Accomplishments that we’re proud of
- A clean, reproducible country–country–year cooperation dataset.
- Clear evidence that structural eras and vehicles explain launch tempo better than CPI.
- Intuitive metrics judges remember: Free-Ride Index, access inequality (Lorenz/Gini), and resilience under hub removal.
- Polished visuals that make the diplomacy behind space tangible.
What we learned
- Human spaceflight is planned and lumpy—a supply-constrained system where certification, fleet readiness, and international governance dominate short-run prices.

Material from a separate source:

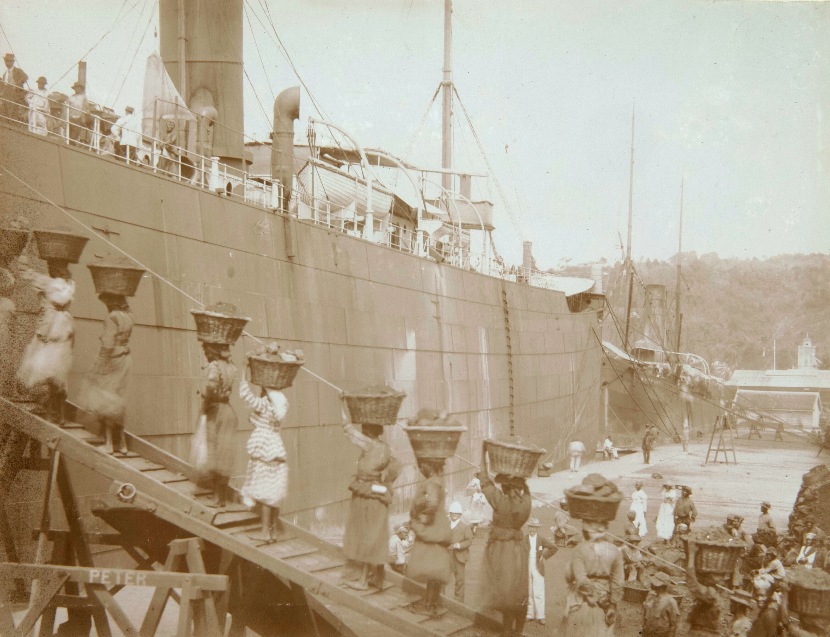 Het laden van kolen aan boord van een stoomschip met...

- Network views translate a tech domain into social structure: who brokers ties, who piggybacks, and how blocs realign.
- Good social-science stories need falsification tests (here, CPI as a placebo) and transparent assumptions.
What’s next for Atlas of Astronaut Collaboration and Foresight
- Add UN General Assembly voting similarity and formal alliance ties to explain which cooperation edges form (QAP/MRQAP).

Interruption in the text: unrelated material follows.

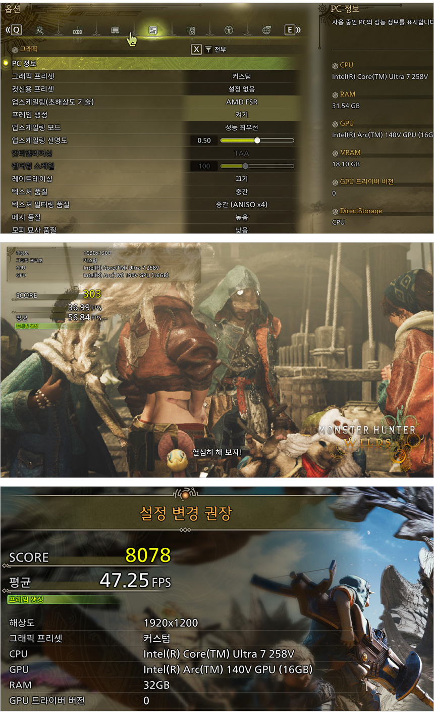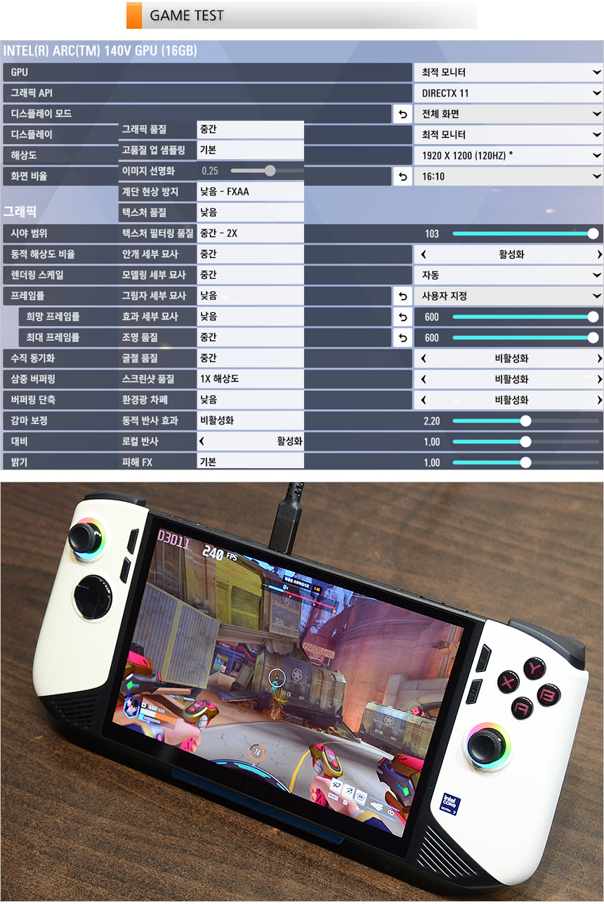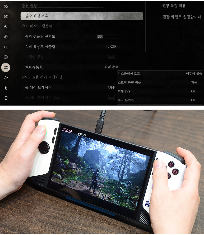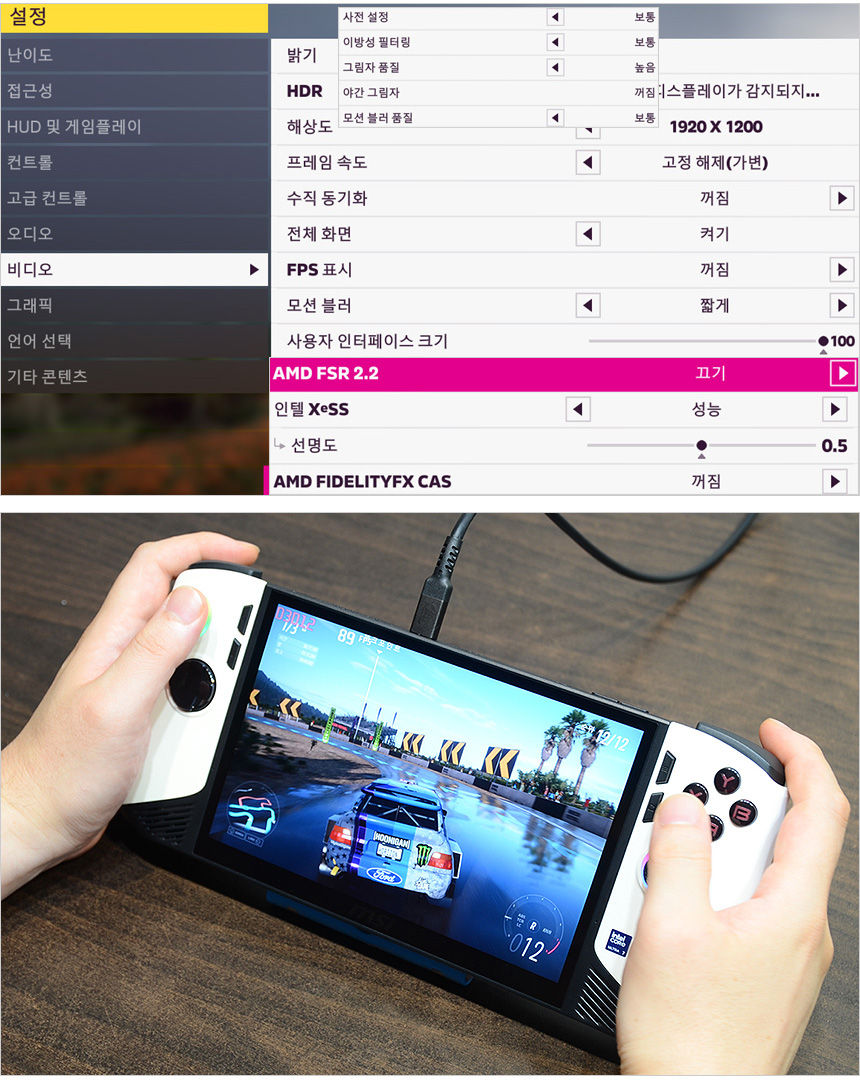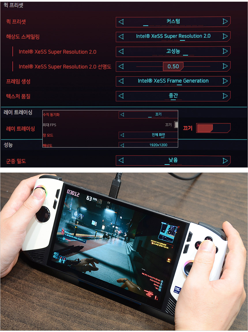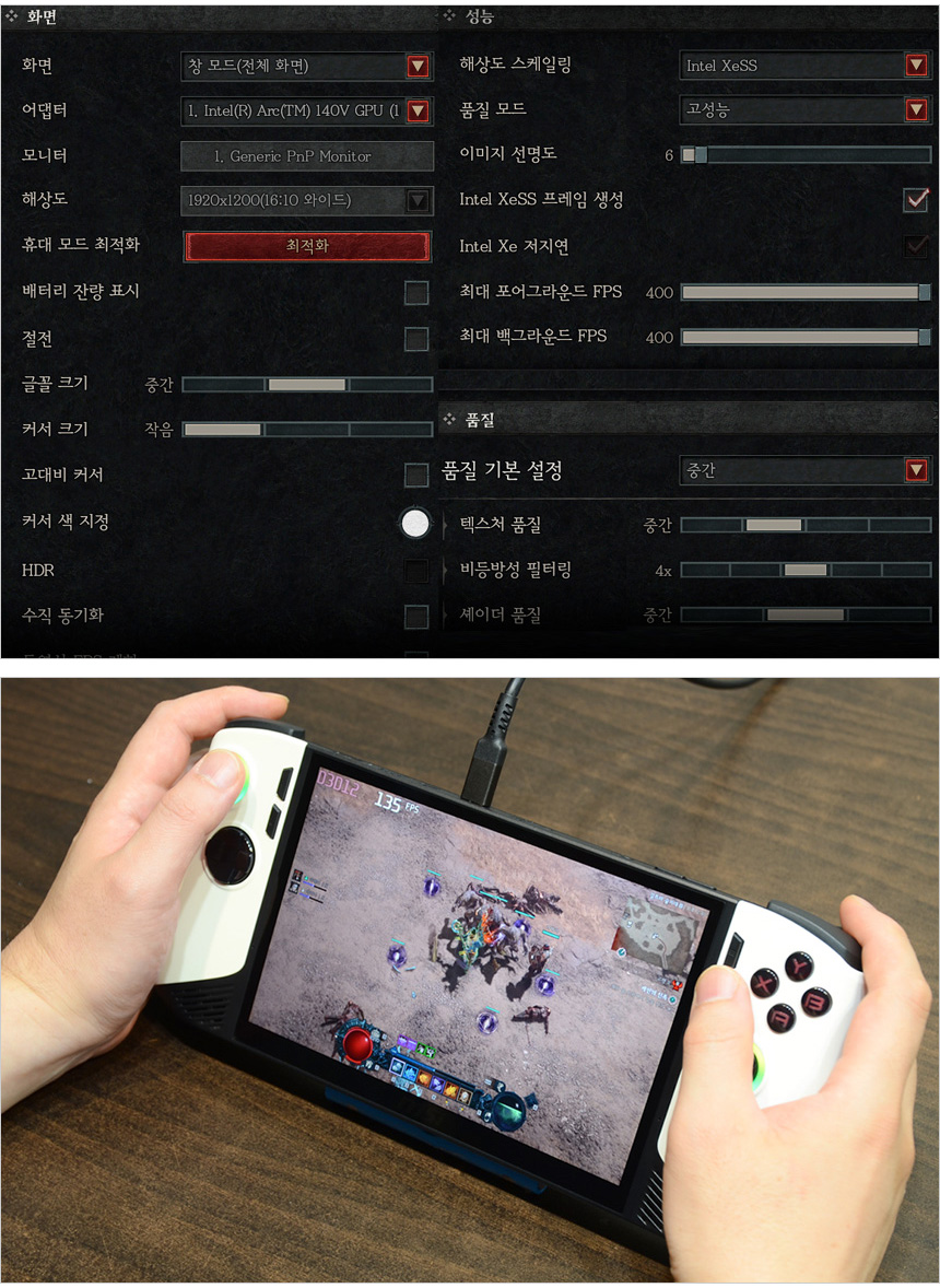 참고로 많은 게임들이 핸드헬드에서 더 부드럽게 게임을 즐길 수 있도록 옵션을 추가하고 있다. 스텔라 블레이드의 경우 핸드헬드 전용 프리셋을 제공하고 디아블로 4는 XeSS에서 프레임 생성 기능을 추가해 전작대비 높은 프레임으로 게임을 즐길 수 있었다. 또한 이 제품은 인텔의 XeSS 업스케일링 기술을 지원하지만 AMD 의 FSR 기술도 활용할 수 있어 게임에 따라 업스케일링 기술을 변경해 성능 향상을 꾀할 수 있다. FSR만 사용해야 하는 AMD 프로세서 모델대비 장점이라 할 수 있다.

- Bring in real (CPI-deflated) space budgets to test the capacity/vehicle mechanism directly.
- Switch outcomes from mission counts to seat-counts / crew-days, plus link-prediction for “next-decade partners.”
- Ship an interactive web atlas (filter by era, simulate hub exits, export country fact sheets). One-line vision: from “who flew with whom” to a foresight tool for how cooperation shifts when politics or fleets change.